Tanguy Anselme, 45 ans, ou plutôt sa majesté Tanguy Anselme, avocat bouffi d’orgueil, a été retrouvé mort l’année d’avant, dans la nuit du 7 au 8 novembre 2022. Le corps était dans un petit village de Belgique, la voiture garée dans le centre de Mille, à plus de 280 kilomètres. Il y a aussi un baveux spécialisé dans la criminalité financière. Cest un bel imbroglio. Et pas vraiment le rayon de la juge et du greffier. D’autant qu’ils sont débordés. Mais Emma Toussaint a réponse à tout et explique à son subordonné qui s’interroge tout autant qu’il s’inquiète : « Parce que nous sommes les meilleurs », lui rétorque-t-elle, avec son aplomb habituel.

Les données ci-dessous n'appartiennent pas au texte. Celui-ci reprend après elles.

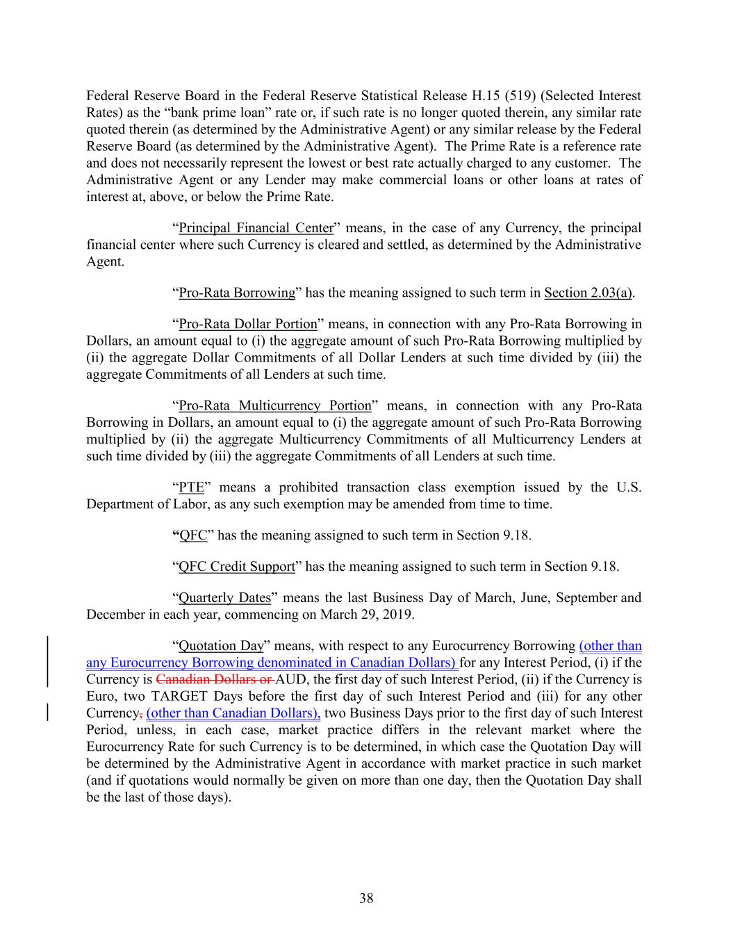 Federal Reserve Board in the Federal Reserve Statistical Release H.15 (519) (Selected Interest Rates) as the “bank prime loan” rate or, if such rate is no longer quoted therein, any similar rate quoted therein (as determined by the Administrative Agent) or any similar release by the Federal Reserve Board (as determined by the Administrative Agent). The Prime Rate is a reference rate and does not necessarily represent the lowest or best rate actually charged to any customer. The Administrative Agent or any Lender may make commercial loans or other loans at rates of interest at, above, or below the Prime Rate. “Principal Financial Center” means, in the case of any Currency, the principal financial center where such Currency is cleared and settled, as determined by the Administrative Agent. “Pro-Rata Borrowing” has the meaning assigned to such term in Section 2.03(a). “Pro-Rata Dollar Portion” means, in connection with any Pro-Rata Borrowing in Dollars, an amount equal to (i) the aggregate amount of such Pro-Rata Borrowing multiplied by (ii) the aggregate Dollar Commitments of all Dollar Lenders at such time divided by (iii) the aggregate Commitments of all Lenders at such time. “Pro-Rata Multicurrency Portion” means, in connection with any Pro-Rata Borrowing in Dollars, an amount equal to (i) the aggregate amount of such Pro-Rata Borrowing multiplied by (ii) the aggregate Multicurrency Commitments of all Multicurrency Lenders at such time divided by (iii) the aggregate Commitments of all Lenders at such time. “PTE” means a prohibited transaction class exemption issued by the U.S. Department of Labor, as any such exemption may be amended from time to time. “QFC” has the meaning assigned to such term in Section 9.18. “QFC Credit Support” has the meaning assigned to such term in Section 9.18. “Quarterly Dates” means the last Business Day of March, June, September and December in each year, commencing on March 29, 2019. “Quotation Day” means, with respect to any Eurocurrency Borrowing (other than any Eurocurrency Borrowing denominated in Canadian Dollars) for any Interest Period, (i) if the Currency is Canadian Dollars or AUD, the first day of such Interest Period, (ii) if the Currency is Euro, two TARGET Days before the first day of such Interest Period and (iii) for any other Currency, (other than Canadian Dollars), two Business Days prior to the first day of such Interest Period, unless, in each case, market practice differs in the relevant market where the Eurocurrency Rate for such Currency is to be determined, in which case the Quotation Day will be determined by the Administrative Agent in accordance with market practice in such market (and if quotations would normally be given on more than one day, then the Quotation Day shall be the last of those days). 38
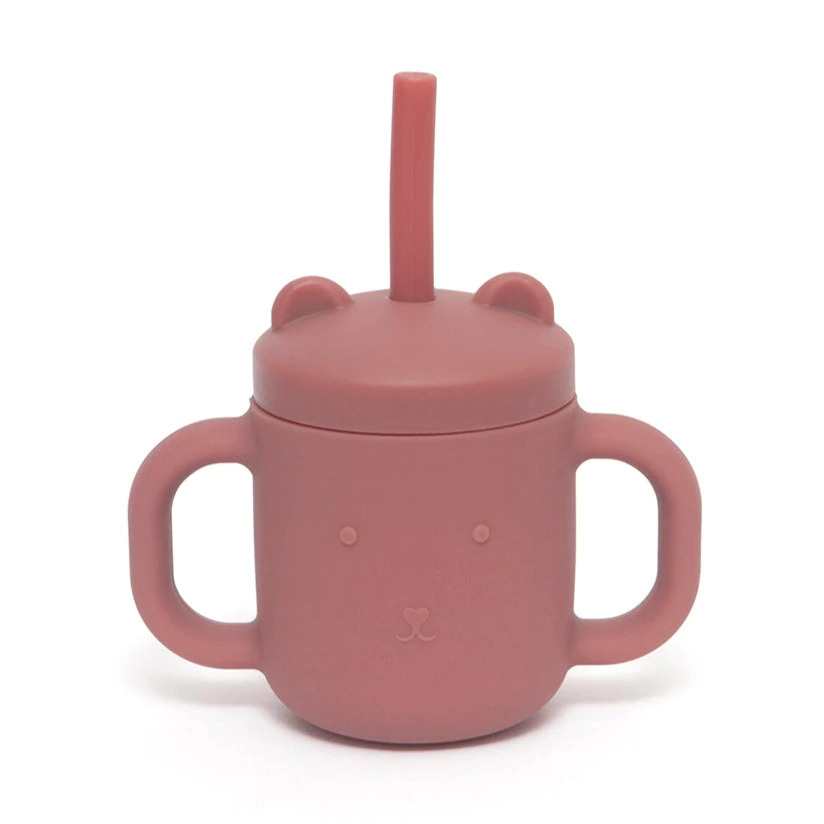 • Copo infantil rosa com canudo e duas pegas, com design de orelhas e rosto simples em relevo

Alors, la voilà lancée au pas de charge. Elle réalise également que la justice s’est réveillée parce que la famille du défunt, lassée du peu d’avancée de l’enquête, avait engagé Marc Dauzier, un enquêteur privé français, « la cinquantaine ventrue, le cheveu rare le charme d’un ouvre-boîte », afin de faire avancer le dossier. De quoi piquer la susceptibilité des confrères belges. D’autant que le Marlowe gaulois a bel et bien levé quelques lièvres comme les opérations clandestines du défunt. Un peu plus gore, le rapport d’autopsie indique notamment qu’une pièce de 5 francs suisse était coincée dans la gorge de l’avocat. Un détail d’importance. Alors, tope- là ! Un check avec son greffier et en dépit de ses réticences initiales, Emma Toussaint est ferrée par l’intrigue.
On apprendra que l’avocat a, comme il se doit, une femme et une maîtresse dévouée, Olga Nikolaïevna, marchande d’art de son métier. En réalité, Monique Vermeulen de son nom de jeune fille. Moins exotique, fausse princesse, mais vraie épouse d’un homme d’affaires russe. Madame Anselme, quant à elle, a déjà repris son nom de jeune fille, nettement plus classieux, Marie Christine de Clermoy. Elle reçoit la justice dans un salon immaculé, et non sans montrer un léger agacement. Elle se présente flanquée de son conseiller, Bernard Dumont. Un monsieur très présent constate la juge qui surnomme immédiatement l’épouse « Diana Krall », pour sa ressemblance avec la chanteuse de jazz. Vous pouvez compter sur Emma Toussaint pour ne pas se laisser balader. Malgré des soucis personnels avec son fils, le seul être qui a le don de la laisser bouche cousue, elle va mener tambour battant cette enquête jusqu’à sa résolution.
Paul Colize prend un malin plaisir à nous raconter cette histoire. Le ton est léger, gentiment insolent, mais la recette du Cosy Crime est bel et bien maîtrisée. Avec en prime, une pointe d’humour belge comme on l’aime.
« Le Meurtre de la Rue Blanche » de Paul Colize, Éditions Hervé Chopin, 320 pages, 19,50 euros.